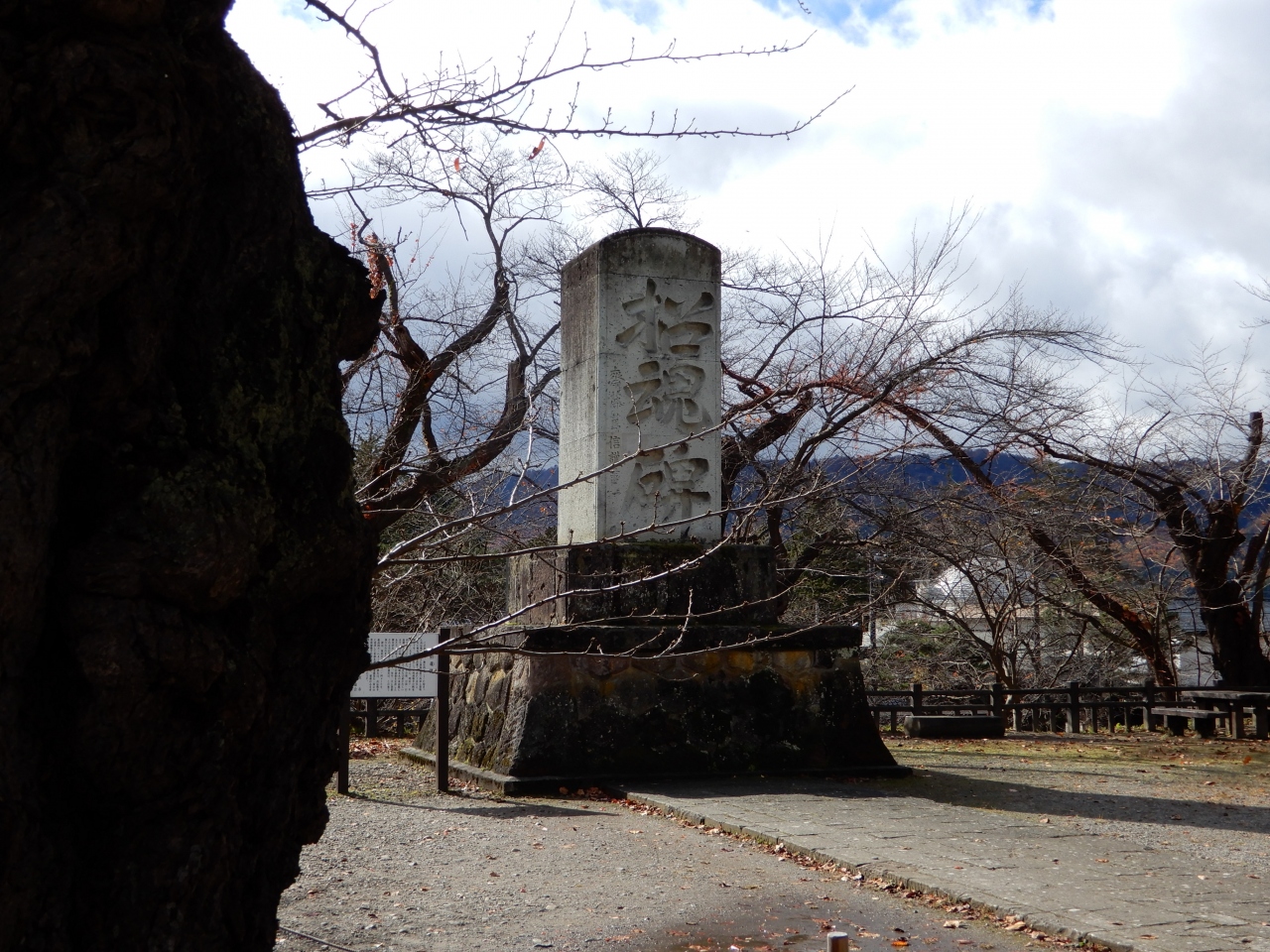 松岬公園の舞鶴橋をわたって上杉神社に向かう左手に高台となっている場所があり、緩やかな階段を登ってみるとこの石碑がありました。この大きな石碑は幕末の戊辰戦争、その後勃発した西南戦争で戦死した米沢の戦死者を慰霊する目的て造られたものです。 故郷を少しでも高台から見下ろせる場所にとここに設置されているかと思いますが、その思いと反対に参拝者の多くはこれに気付かず素通りしてしまっていました。
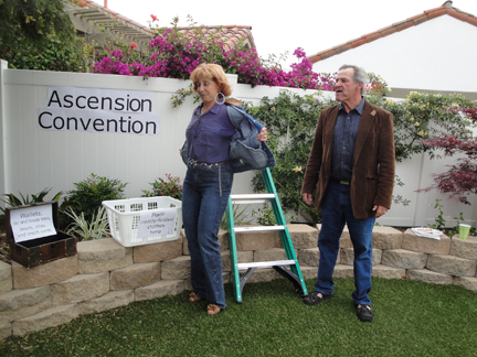 Placed around thoughtfully, was a laundry basket for putting neatly-folded clothes into, before the ascension, and a ladder to help short people. On the left there was a container for wallets and other important items. Below right, Debbie Pfeiffer begins moving her clothes to the laundry basket as her husband Don looks on skeptically.
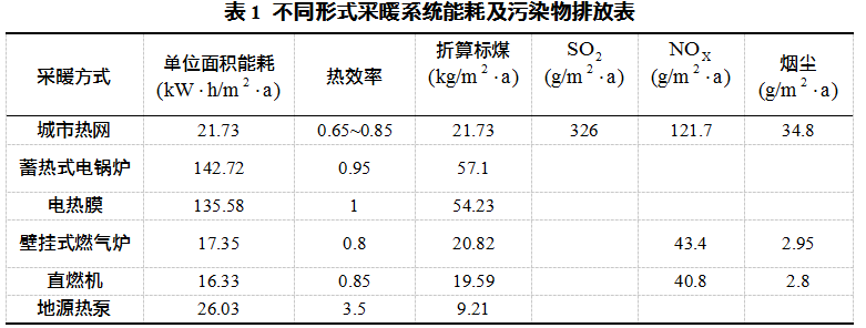 1)不同形式采暖能耗及污染物排放對(duì)比

▶ TASK
Print all the lines above exactly as they are, but without the pictures.

▶ EXERCISE OUTPUT
 松岬公園の舞鶴橋をわたって上杉神社に向かう左手に高台となっている場所があり、緩やかな階段を登ってみるとこの石碑がありました。この大きな石碑は幕末の戊辰戦争、その後勃発した西南戦争で戦死した米沢の戦死者を慰霊する目的て造られたものです。 故郷を少しでも高台から見下ろせる場所にとここに設置されているかと思いますが、その思いと反対に参拝者の多くはこれに気付かず素通りしてしまっていました。
 Placed around thoughtfully, was a laundry basket for putting neatly-folded clothes into, before the ascension, and a ladder to help short people. On the left there was a container for wallets and other important items. Below right, Debbie Pfeiffer begins moving her clothes to the laundry basket as her husband Don looks on skeptically.
 1)不同形式采暖能耗及污染物排放對(duì)比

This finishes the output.